Would you repeat the listing exactly, without any of its images?

*** Opening Dataset content ***

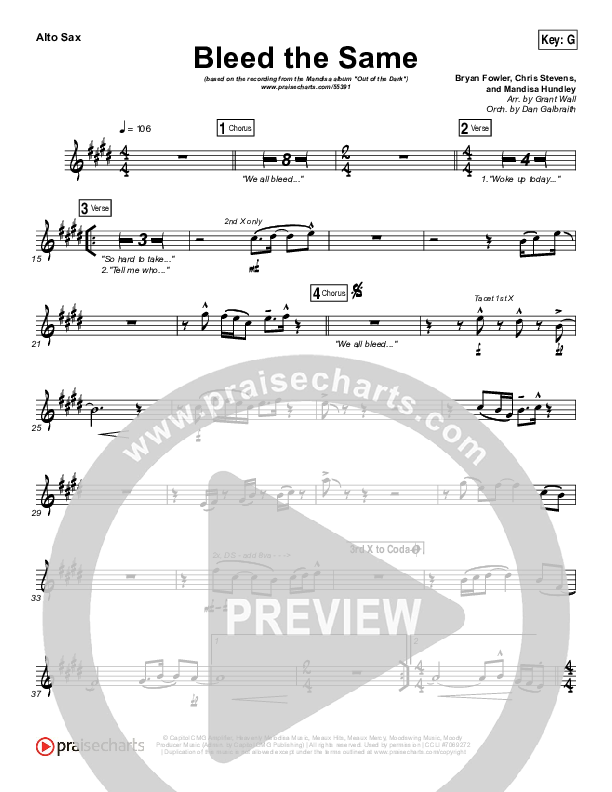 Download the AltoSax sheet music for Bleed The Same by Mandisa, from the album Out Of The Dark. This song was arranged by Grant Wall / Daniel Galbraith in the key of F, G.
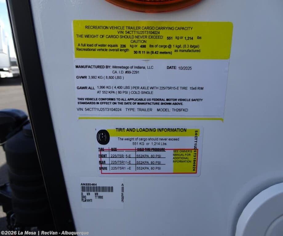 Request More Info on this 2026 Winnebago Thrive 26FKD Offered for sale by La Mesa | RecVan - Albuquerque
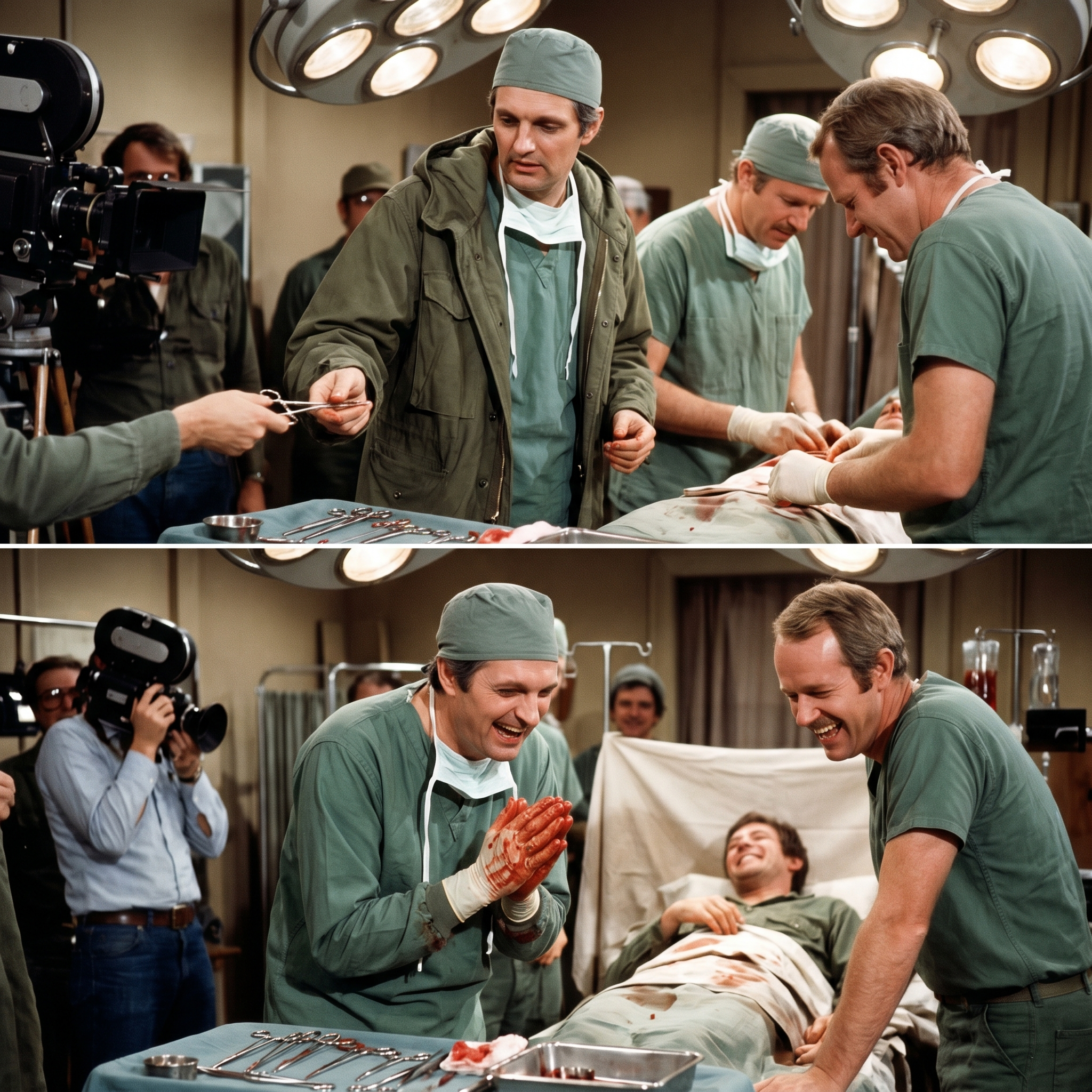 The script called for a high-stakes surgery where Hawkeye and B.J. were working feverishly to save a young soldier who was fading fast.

*** Closing Dataset content ***

#### Answer space:
 Download the AltoSax sheet music for Bleed The Same by Mandisa, from the album Out Of The Dark. This song was arranged by Grant Wall / Daniel Galbraith in the key of F, G.
 Request More Info on this 2026 Winnebago Thrive 26FKD Offered for sale by La Mesa | RecVan - Albuquerque
 The script called for a high-stakes surgery where Hawkeye and B.J. were working feverishly to save a young soldier who was fading fast.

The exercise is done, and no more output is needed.